We will carry out work to demarcate permanent basic farmland throughout the country. We will accelerate implementation of the national master plan for building high-grade farmland and the plan for increasing China's grain production capacity by 50 million metric tons. We will construct a number of new major projects to divert water, protect key water sources, and harness rivers and lakes. We will more quickly build auxiliary facilities and update water-saving devices in medium- to large-scale irrigation areas, and advance the construction of small-scale irrigation infrastructure and water conservancy infrastructure. We will comprehensively implement the project to purchase and stockpile grain to ensure its supply and security, and support the building of grain silos with capacities of 50 million metric tons. We will intensify efforts to address serious problems in the agricultural environment, and comprehensively improve the rural living environment, to build a more beautiful and livable countryside. Safe drinking water will be made available to another 60 million rural residents. All-out efforts will be made to deliver electricity to all households without power supply. We will make great efforts to build rural roads in the western region and in contiguous poor areas. We will rebuild run-down houses for 3.66 million rural households, and make coordinated efforts to renovate rural houses to make them more earthquake-resistant.

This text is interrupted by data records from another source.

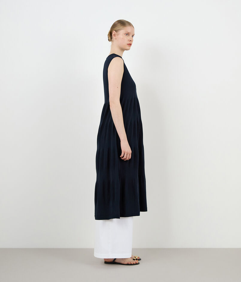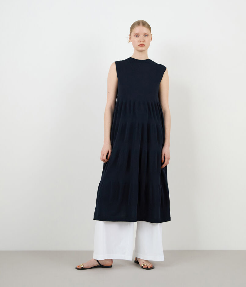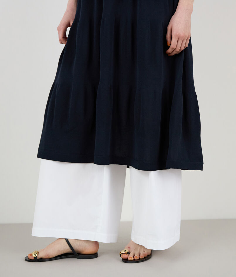 ニット編みならではのテクニックでギャザーを寄せたようなティアードフレアのシルエットを表現した一枚。
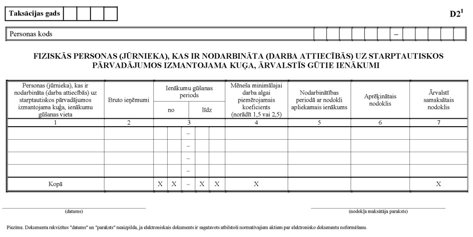18. D2 pielikumu aizpilda nodokļa maksātājs, kurš taksācijas gadā guvis ienākumus ārvalstīs, kuriem piemērojama pamatlikme. Nodokļa maksātājs, kurš ienākumus guvis vienā vai vairākās ārvalstīs, par katru citā valstī gūto ienākuma veidu aizpilda atsevišķu D2 pielikuma rindu.
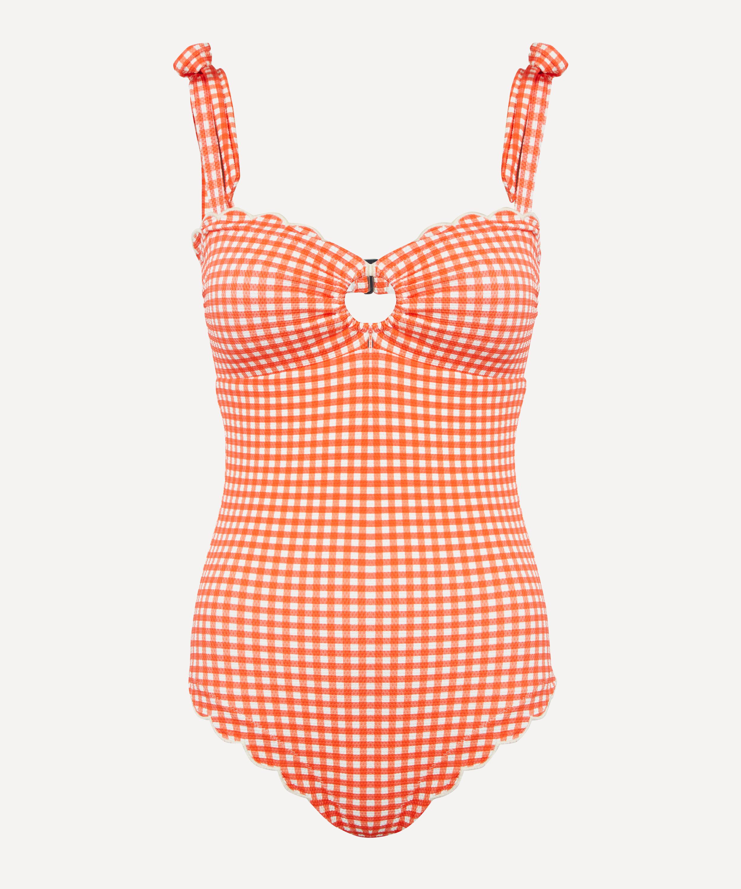 Effortlessly flattering, this one-piece swimsuit is crafted with a double-lined construction to gently sculpt the body while offering full bottom coverage. Featuring a vibrant orange gingham check, it’s finished with a circular cut-out at the bust for a chic, retro-inspired touch.
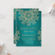 Une belle invitation de mariage sarcelle bleu paon vert turquoise TON TON JOYAU et or avec un médaillon sari ornemental exotique inspiré de l'Inde, motif MÉDAILLON avec un design floral et coup de soleil lotus. Cette invitation de mariage élégante et belle de style indien moderne luxe est parfaite pour toute occasion formelle avec un thème EAST ASIATIQUE INDONÉSIEN MAROCAIN ALADIN OU LES NUITS ARABES. Conçu par Chrissy H. Studios, LLC. Tous droits réservés.
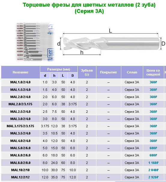 Твёрдосплавные фрезы для цветных металлов (2 зуба) - Продам в Москве
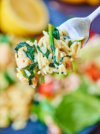 "This is a simple recipe with a spicy kick for garlic lovers. It is my combination of a much loved linguine and clam sauce dish and a recent introduction to orzo pasta. I have several variations for this recipe. Add more red pepper for extra spice. Substitute the chicken for clams or shrimp. Substitute the spinach leaves for diced tomatoes. I've also added spices such as basil, rosemary and oregano bringing a distinct Italian flavor to the dish."
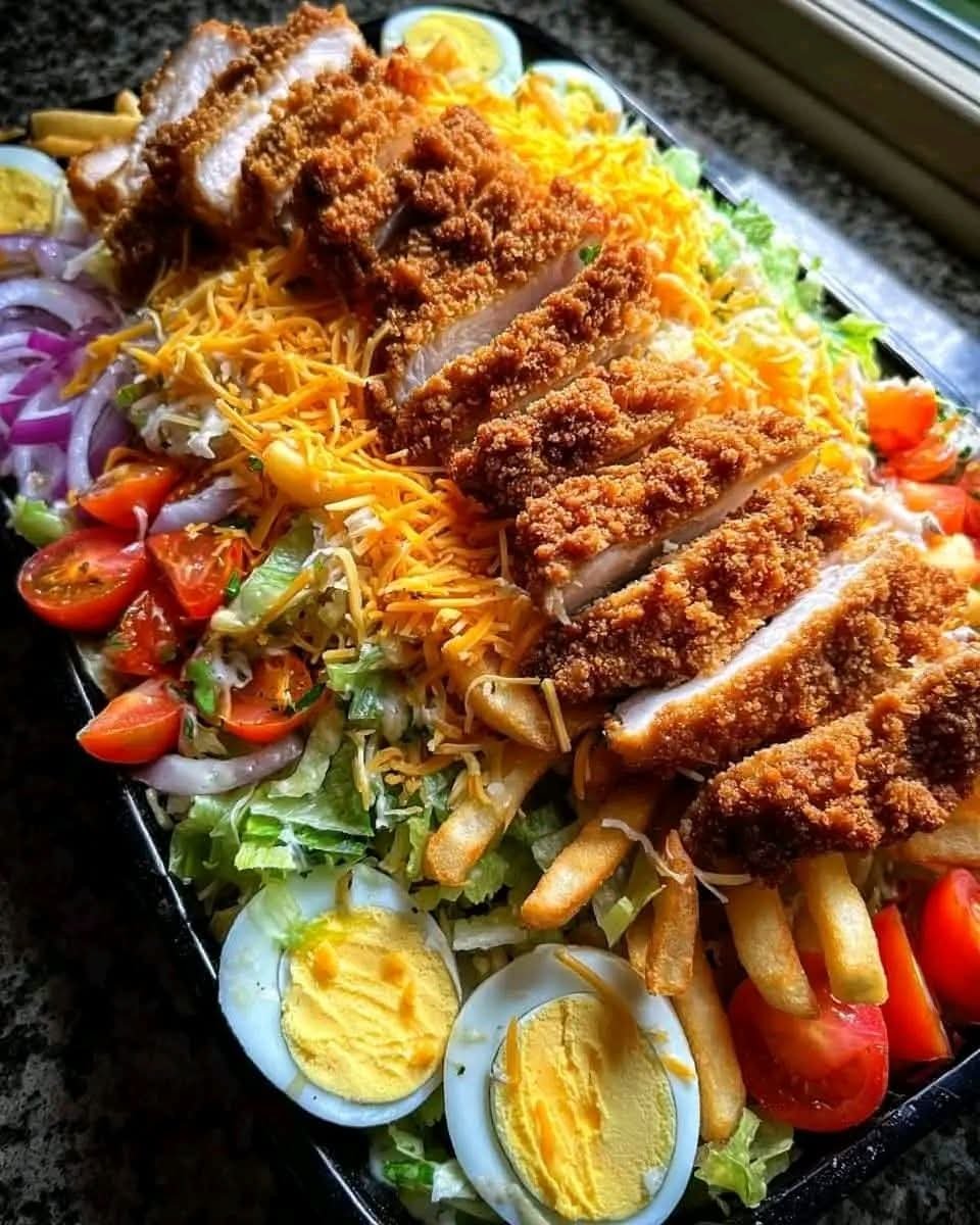 The Crispy Chicken & Loaded Fries Salad Bowl is a hearty comfort-meets-fresh dish that combines crunchy golden chicken, seasoned fries, and vibrant salad ingredients in one satisfying bowl. Crispy chicken pieces sit on a bed of lettuce, topped with loaded fries, fresh vegetables, cheese, and a creamy tangy dressing.
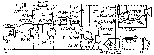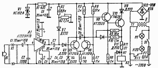 Как только сигнал на входе порогового устройства, со- бранного на транзисторах V5 и V6, достигнет определенного уровня (порог срабатывания задается резистором R3), закроется диод V3, а вслед за ним - транзистор V5. Это приведет к закрыванию транзистора V10, в коллекторную цепь которого включено реле К1. Реле обесточивается, и его нормально замкнутые контакты подключают сигнальное табло (лампы HI-Н20). Время сигнализации определяется постоянной времени цепи С8, R10, R11, К1.
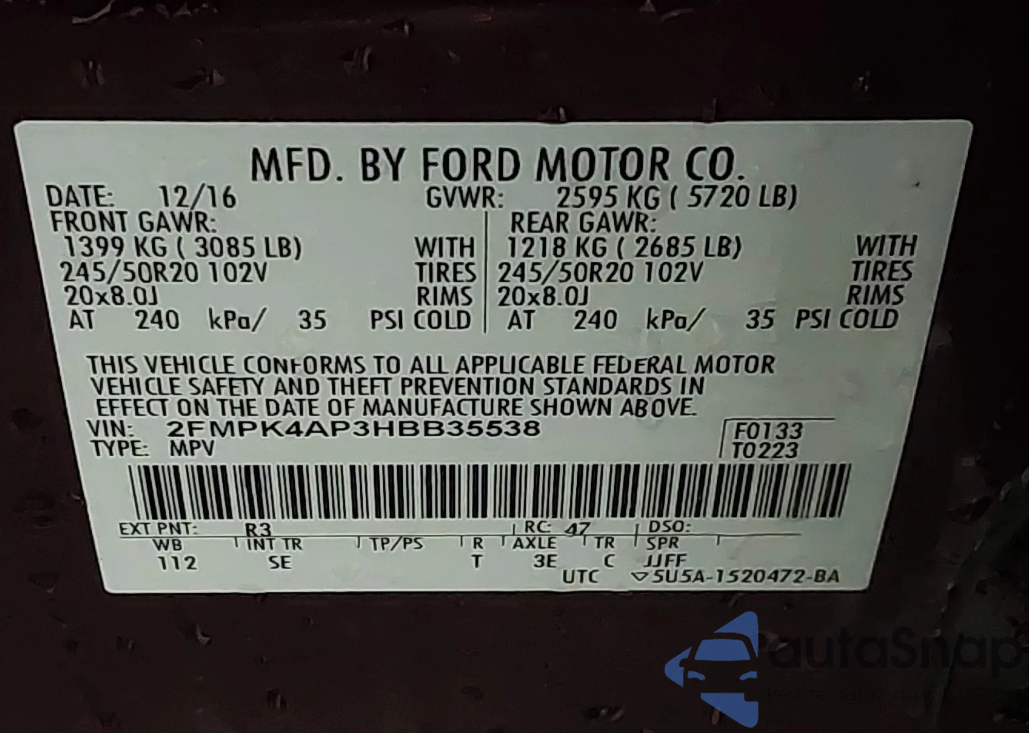 Samochód Ford Edge 2017 (VIN 2FMPK4AP3HBB35538) nie był wcześniej licytowany. Dokumenty są czyste, przebieg odpowiada lub jest niższy niż średnia rynku. Sprzedaje go firma ubezpieczeniowa – polecamy zakup. Dostawa do portu zajmie ok. 6–8 tygodni.

3) We will accelerate agricultural structural adjustment.

We will improve the industrial organization of agriculture and the mechanisms for balancing the interests of farmers and enterprises, and integrate the development of primary, secondary, and tertiary industries in rural areas. We will work harder to promote innovation in agricultural science and technology and spread the use of new agricultural techniques, machinery, and tools. We will coordinate the construction of grain, cotton, oilseed, sugar crop, and vegetable production centers, and encourage standardized, large-scale, and intensive livestock, poultry, and aquaculture farming. We will encourage the local conversion and processing of grain in major grain-producing areas. We will support the construction of national seed cultivation and production centers. We will also strengthen the fishery administration.